- _Task_: Return all lines from the listing below in which "airbase" appears.
-- Source information follows --
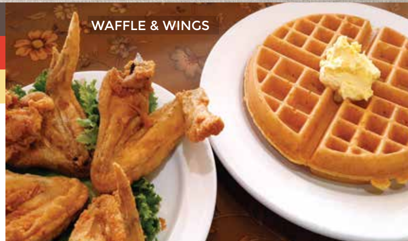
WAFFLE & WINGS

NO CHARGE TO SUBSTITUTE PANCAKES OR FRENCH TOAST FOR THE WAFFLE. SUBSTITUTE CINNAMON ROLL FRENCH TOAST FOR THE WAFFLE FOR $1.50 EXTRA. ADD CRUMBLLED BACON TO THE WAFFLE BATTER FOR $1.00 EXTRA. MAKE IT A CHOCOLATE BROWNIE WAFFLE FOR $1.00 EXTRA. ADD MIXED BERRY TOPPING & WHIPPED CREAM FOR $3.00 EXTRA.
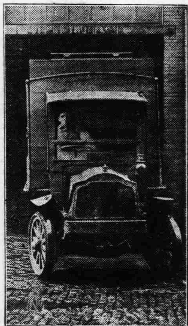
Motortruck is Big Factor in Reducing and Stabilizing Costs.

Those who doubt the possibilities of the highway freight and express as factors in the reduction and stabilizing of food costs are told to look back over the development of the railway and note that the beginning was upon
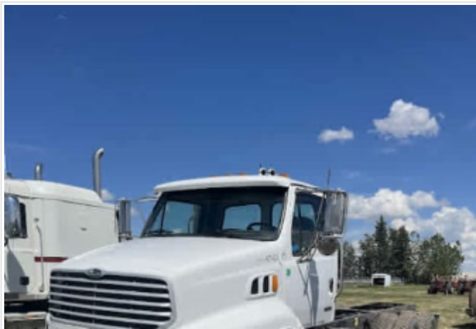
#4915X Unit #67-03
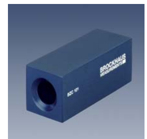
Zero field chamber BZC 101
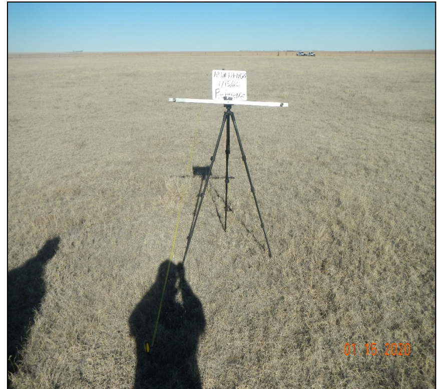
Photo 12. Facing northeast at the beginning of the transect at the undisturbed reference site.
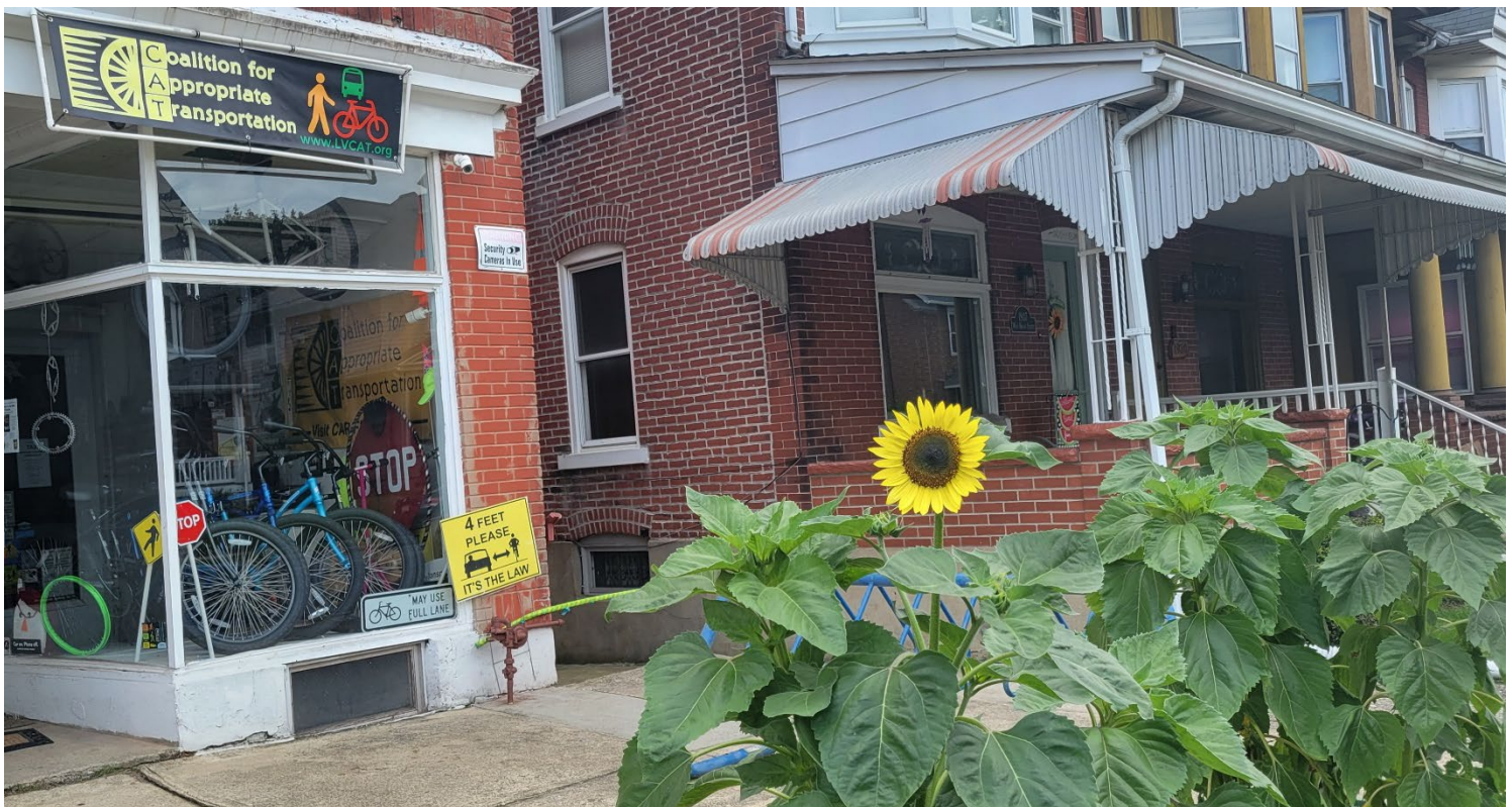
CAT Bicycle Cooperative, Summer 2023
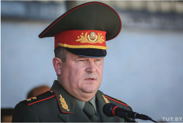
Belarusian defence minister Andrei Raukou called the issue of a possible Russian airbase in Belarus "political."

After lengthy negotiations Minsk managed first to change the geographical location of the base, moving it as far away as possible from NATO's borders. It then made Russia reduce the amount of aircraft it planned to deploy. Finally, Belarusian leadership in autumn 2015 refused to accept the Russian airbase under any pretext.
-- Source information concluded --
- _Finished exercise_:
Belarusian defence minister Andrei Raukou called the issue of a possible Russian airbase in Belarus "political."
After lengthy negotiations Minsk managed first to change the geographical location of the base, moving it as far away as possible from NATO's borders. It then made Russia reduce the amount of aircraft it planned to deploy. Finally, Belarusian leadership in autumn 2015 refused to accept the Russian airbase under any pretext.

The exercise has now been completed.